Mariame Kourouma (ONG Solidariz) : « Restaurer la dignité de ces femmes vaut autant que l’aide financière »

Derrière les chiffres de la précarité à Conakry se cachent des visages, des parcours et une volonté de fer. Alors que l’ONG Solidariz vient de remettre une assistance cruciale à vingt mères de famille, sa Présidente, Mariame KOUROUMA, nous livre les coulisses de cette opération. Entre rigueur de sélection et volonté de sortir de l’assistanat, elle explique pourquoi le combat pour l’autonomisation des femmes passe aussi par la reconquête de l’estime de soi.

Le choix de la « responsabilité familiale effective »

Conakryweb : Madame la Présidente, extraire seulement vingt profils au sein de la multitude de femmes qui animent les marchés de la capitale semble être un défi immense. Quelle a été votre méthode ?

Mariame Kourouma : C’est un véritable travail de bénédictin qui a mobilisé nos équipes durant plusieurs semaines. Nous avons arpenté le terrain, du Km 36 jusqu’à Boulbinet, pour aller au-delà des apparences. Notre boussole a été le critère de la « responsabilité familiale effective ». Nous nous sommes concentrés sur les piliers de foyers : des veuves, des mères dont les conjoints sont au chômage ou partis tenter leur chance à l’étranger. Pour ces femmes, ce million de francs guinéens n’est pas une simple somme ; c’est le levier qui transforme une économie de survie, au jour le jour, en une véritable activité génératrice de revenus.
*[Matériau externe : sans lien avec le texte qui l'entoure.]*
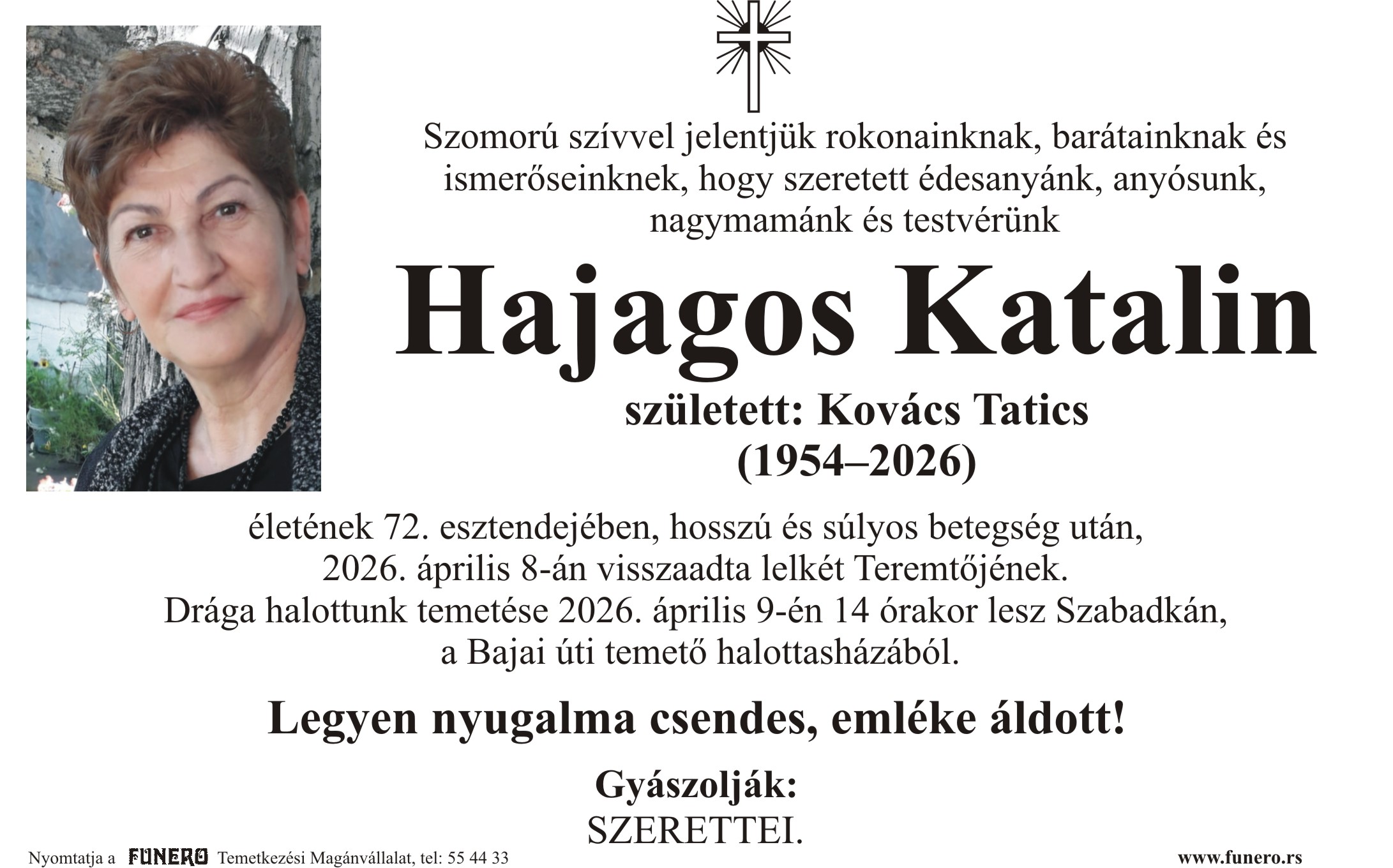 | Katalin Hajagoš | Bajsko | Mrtvačnica | 14:00 |

Le bien-être comme levier de performance

Conakryweb : Vous avez couplé ce don financier à une journée de « bien-être », incluant maquillage et repas. Pourquoi ce choix qui pourrait paraître secondaire face à l’urgence matérielle ?

Mariame Kourouma : Détrompez-vous, ce n’est absolument pas secondaire. La pauvreté ne vide pas seulement les poches, elle use la dignité et l’image de soi. Ces femmes se lèvent à 4 heures du matin et s’oublient totalement au profit de leur foyer. En leur offrant cette parenthèse, nous leur envoyons un message fort : « Vous êtes belles, vous êtes essentielles et la nation vous voit. » Ce n’est pas du luxe, c’est de la restauration humaine. Une femme qui se sent valorisée et respectée gérera son étal avec une détermination et une assurance décuplées.

Vers une mutation de l’informel au business structuré

Conakryweb : En 2026, cinq de ces bénéficiaires franchiront une nouvelle étape avec un suivi renforcé. Quels seront les critères de ce « second tour » ?

Mariame Kourouma : Nous sortons ici de la philanthropie pure pour entrer dans l’accompagnement entrepreneurial. La sélection pour le programme « Mon chariot, mon business » et pour la formalisation administrative se basera sur la rigueur de gestion. Nous allons observer de près comment ce premier capital est réinvesti. Celles qui feront preuve de dynamisme et, surtout, celles qui commenceront à tenir un carnet de comptes, seront nos priorités. Notre ambition finale est de briser le cycle de l’assistanat éternel pour transformer ces courageuses vendeuses de rue en entrepreneures structurées et pérennes.